Activity: From the listing below, output the lines between the one with "Pendamping orang nomor" and the one with "I observed one", including those two, and nothing else. Pictures are not copied.
** Data shown follows **
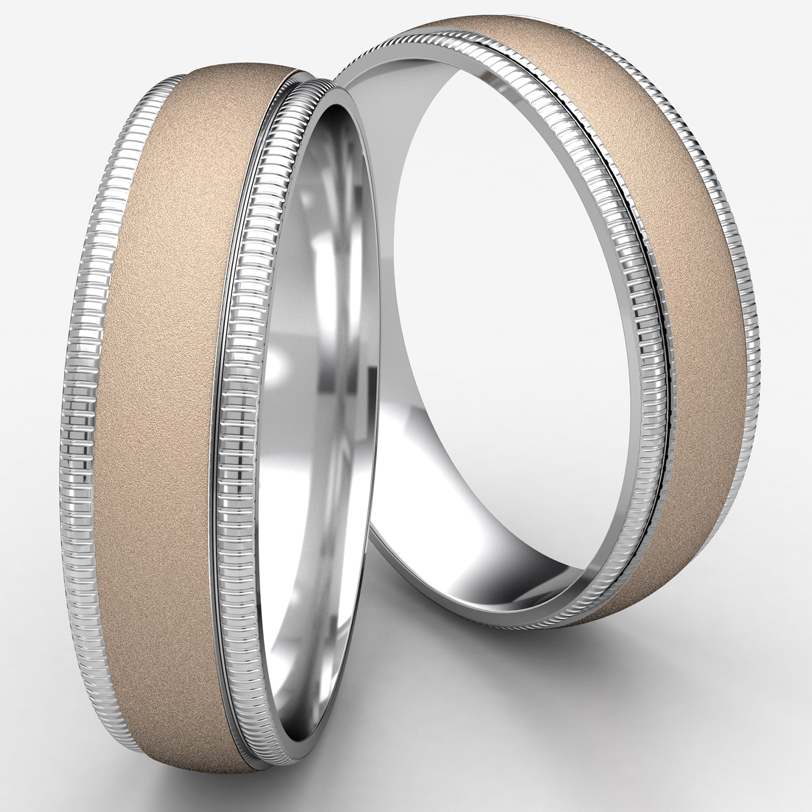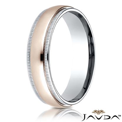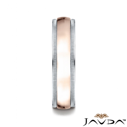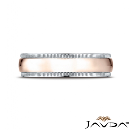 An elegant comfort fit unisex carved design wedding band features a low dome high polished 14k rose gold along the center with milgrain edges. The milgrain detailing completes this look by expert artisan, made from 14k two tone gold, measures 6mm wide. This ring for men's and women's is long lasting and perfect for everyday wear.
** End of Data shown **
** Data shown follows **
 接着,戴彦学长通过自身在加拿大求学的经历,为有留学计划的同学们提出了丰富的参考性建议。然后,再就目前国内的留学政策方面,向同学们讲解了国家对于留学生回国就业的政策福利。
** End of Data shown **
** Data shown follows **
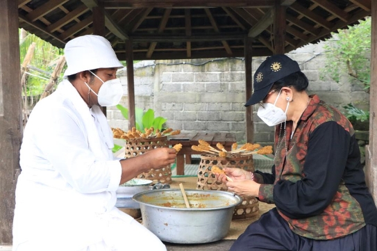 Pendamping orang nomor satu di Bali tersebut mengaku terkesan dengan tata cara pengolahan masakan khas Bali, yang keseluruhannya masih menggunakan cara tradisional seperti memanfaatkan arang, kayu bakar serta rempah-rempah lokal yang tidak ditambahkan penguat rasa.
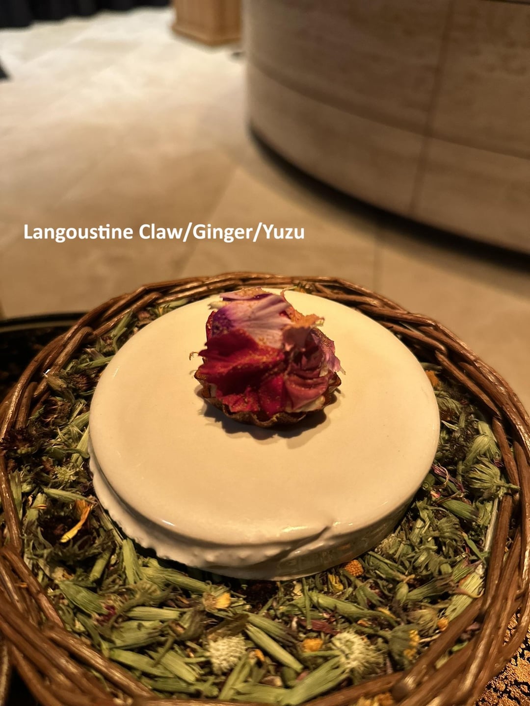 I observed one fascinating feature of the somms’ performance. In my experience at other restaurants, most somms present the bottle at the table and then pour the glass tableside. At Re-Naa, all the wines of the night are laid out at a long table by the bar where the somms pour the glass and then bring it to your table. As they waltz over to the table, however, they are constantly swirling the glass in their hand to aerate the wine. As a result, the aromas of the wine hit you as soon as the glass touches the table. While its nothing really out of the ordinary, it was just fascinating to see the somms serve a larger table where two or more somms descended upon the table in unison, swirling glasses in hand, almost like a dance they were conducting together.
** End of Data shown **
Worked solution:
 Pendamping orang nomor satu di Bali tersebut mengaku terkesan dengan tata cara pengolahan masakan khas Bali, yang keseluruhannya masih menggunakan cara tradisional seperti memanfaatkan arang, kayu bakar serta rempah-rempah lokal yang tidak ditambahkan penguat rasa.
 I observed one fascinating feature of the somms’ performance. In my experience at other restaurants, most somms present the bottle at the table and then pour the glass tableside. At Re-Naa, all the wines of the night are laid out at a long table by the bar where the somms pour the glass and then bring it to your table. As they waltz over to the table, however, they are constantly swirling the glass in their hand to aerate the wine. As a result, the aromas of the wine hit you as soon as the glass touches the table. While its nothing really out of the ordinary, it was just fascinating to see the somms serve a larger table where two or more somms descended upon the table in unison, swirling glasses in hand, almost like a dance they were conducting together.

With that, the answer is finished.